Registration mirrors custom components, keyed by a screen identifier:
public func registerCustomScreen(_ screenId: String, definition: CustomScreenDefinition)
public func unregisterCustomScreen(_ screenId: String)
CustomScreenDefinition declares inputs, outputs, and the factory:
public init(
    inputs: [String: VariableType]? = nil,
    outputs: [String: OutputSchema]? = nil,
    factory: @escaping @Sendable @MainActor (CustomScreenParams, CustomScreenContext) -> AnyView
)

Reading inputs

CustomScreenParams exposes the resolved inputs with the same typed accessors as a component:
func string(_ key: String) -> String?
func string(_ key: String, default: String) -> String
func number(_ key: String) -> Double?
func number(_ key: String, default: Double) -> Double
func bool(_ key: String) -> Bool?
func bool(_ key: String, default: Bool) -> Bool

The screen context

CustomScreenContext lets the screen emit events and control the persistent zones drawn over it:
func emit(_ eventName: String, payload: [String: Any]? = nil)
func emit(_ eventName: String)
func setZonesVisible(_ visible: Bool)
func setChromeVisible(_ visible: Bool)   // deprecated, calls setZonesVisible
  • emit works like a custom component’s emit: the named event enters the flow’s interaction system for the flow to act on. The name should match a declared output.
  • setZonesVisible(_:) shows or hides the flow’s persistent UI (the nav bar, footer, and overlay zones) over your native screen. See Persistent UI (zones).
  • setChromeVisible(_:) is deprecated and simply forwards to setZonesVisible(_:). Use setZonesVisible(_:).

Example

How a custom screen would be registered once the render path is active.
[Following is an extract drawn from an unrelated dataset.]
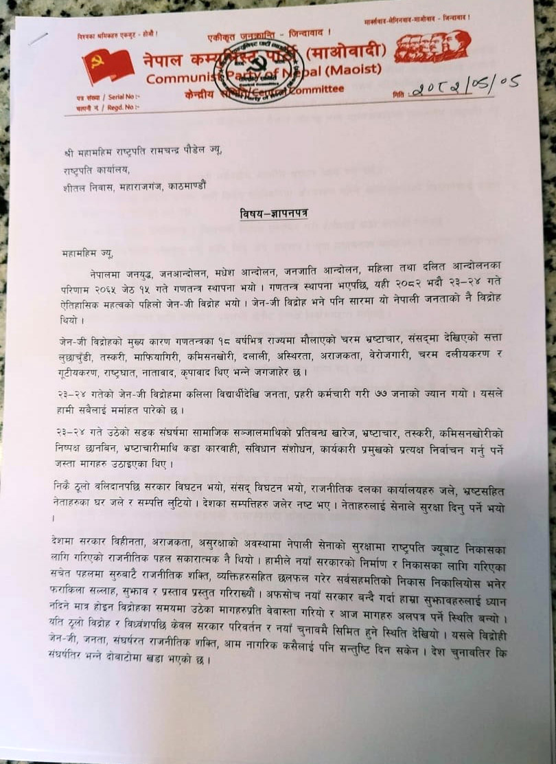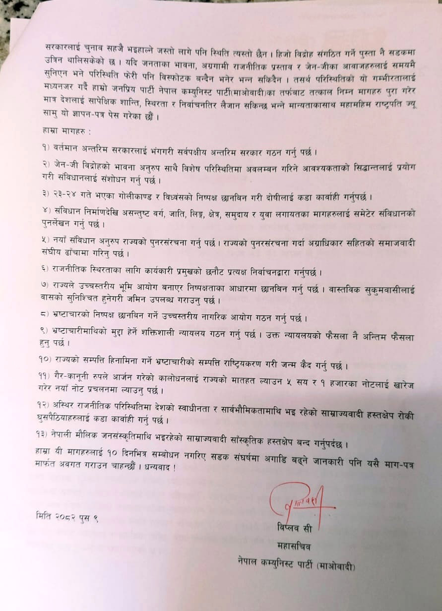 बुधबार राष्ट्रपति रामचन्द्र पौडेललाई १३ बुँदे ज्ञापनपत्र बुझाउँदै नेकपा माओवादीले कार्की नेतृत्वको अन्तरिम सरकार भङ्ग गर्न माग गरेको हो ।

A native paywall that emits purchased to advance the flow:
import SwiftUI
import FlowPilotSDK

let paywall = CustomScreenDefinition(
    inputs: ["plan": .string],
    outputs: [
        "purchased": OutputSchema(description: "User completed the purchase")
    ],
    factory: { params, context in
        let plan = params.string("plan", default: "pro_monthly")

        return AnyView(
            MyPaywallView(plan: plan) {
                // On a successful purchase, advance the flow.
                context.emit("purchased")
            }
        )
    }
)

FlowPilot.shared?.registerCustomScreen("paywall", definition: paywall)
In the editor (when supported), you would wire the purchased event to a goNext action so the flow moves to the next screen after the purchase.

Common mistakes

  • Expecting it to render today. It will not. The registration succeeds but the SDK does not yet draw custom screens. Use a custom component instead.
  • Same contract pitfalls as components. When this ships, the screen identifier, input keys, and event keys must match between the editor and the SDK.
  • Forgetting to advance the flow. A custom screen that never emits an event leaves the user stuck on a native screen with no way forward. Always emit an event that a flow action can act on.
  • Using setChromeVisible. It is deprecated. Call setZonesVisible(_:).